Recent Study Demonstrates Smartphone App’s Ability to Detect Early Signs of Movement Disorders

According to a story from Parkinson’s News Today, a recent study describes the ability of an innovative smartphone app that uses touch-based input in order to detect the early signs of various motor disorders. The app was originally developed for Huntington’s disease, but it can also be used to detect signs of other neurological illnesses as well that affect movement, such as Parkinson’s disease and Alzheimer’s.

About The App

The capabilities of the app definitely could make it a valuable tool for doctors and could allow patients with movement disorders to be diagnosed and treated earlier in the course of their disease. Many motor disorders are progressive illnesses that get worse over time, so prompt intervention is critical in order to produce the best treatment outcomes.
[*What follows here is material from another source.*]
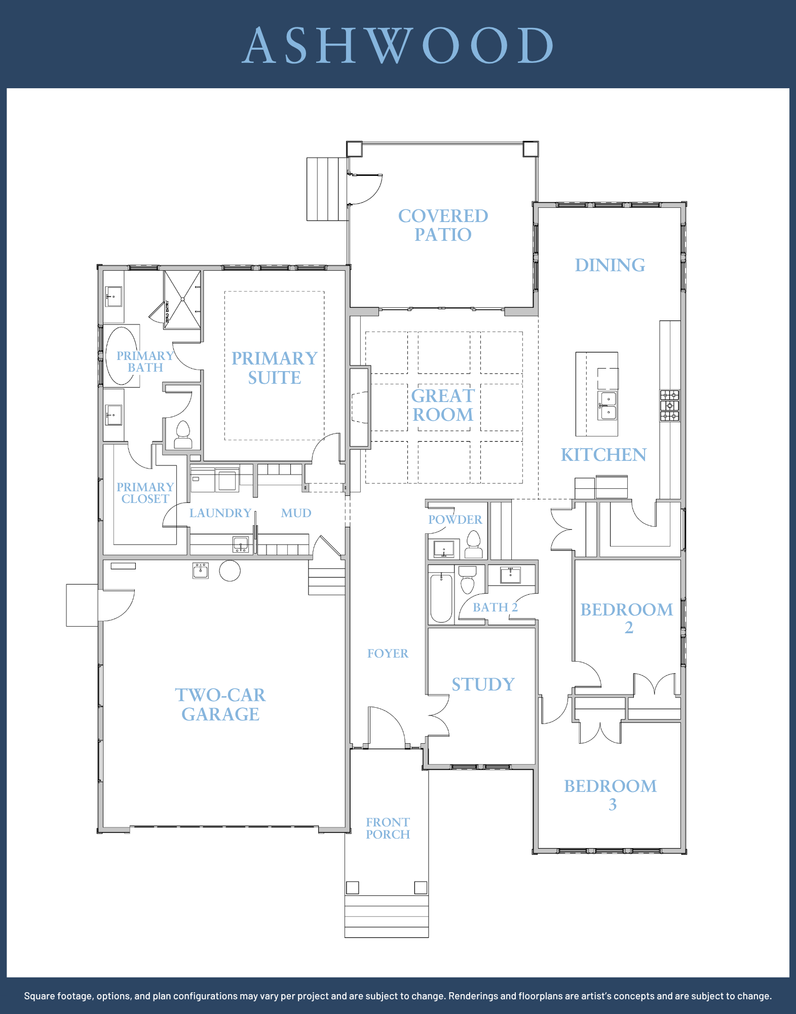 Dimensions, square footage, features, and configuration are subject to modification per build. Renderings and visual aids are the artist’s concepts and may change at any time without notice.
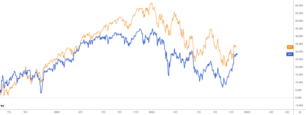 俄乌战争、全球通胀担忧、英国脱欧和新馆疫情等事件都曾对 DAX 的价格产生了连锁反应。近期欧央行不断加息叠加能源供应也使得DAX40的估值水平被扼杀。但是与此同时,全球股指的同向性也不应该被忽视,有时往往超越国内因素成为主导股指走势的因子。随着美联储放缓加息步伐板上钉钉,下图中蓝色的DAX40指数也追随橙色美国标普500指数开启了一轮明显的反弹。

Such technologies, which monitor abnormalities in movement, have been utilized for years now in researching motor disorders, which can be difficult to distinguish from symptoms alone. In Parkinson’s research for example, wearable sensors have been used in order to monitor and detect subtle tremors, jerky movements, and postural changes. The primary innovation of this app is that no wearable sensors are necessary in order for meaningful diagnostic evidence to be gathered.

The app involves three different touch-based tasks in which the patient must touch an indicated target on the screen with one or more of their fingers. The app detects the trajectory of the patients fingers, the accuracy of their touch, and the duration of their response times. Patients with neurological disorders that affect movement are generally unable to complete these tasks with the same accuracy and speed as a healthy person.

Although the app is fully functional on a smartphone, the researchers recommend using the program on devices with larger screens and high resolution displays.

The study tested the app with 11 Huntington’s disease patients and an equal number of healthy controls. The app was able to distinguish between the patients and the controls and could also predict if a patient was at high risk of for rapid progression of Huntington’s disease symptoms. The app was able to identify symptoms with 86.4 percent accuracy.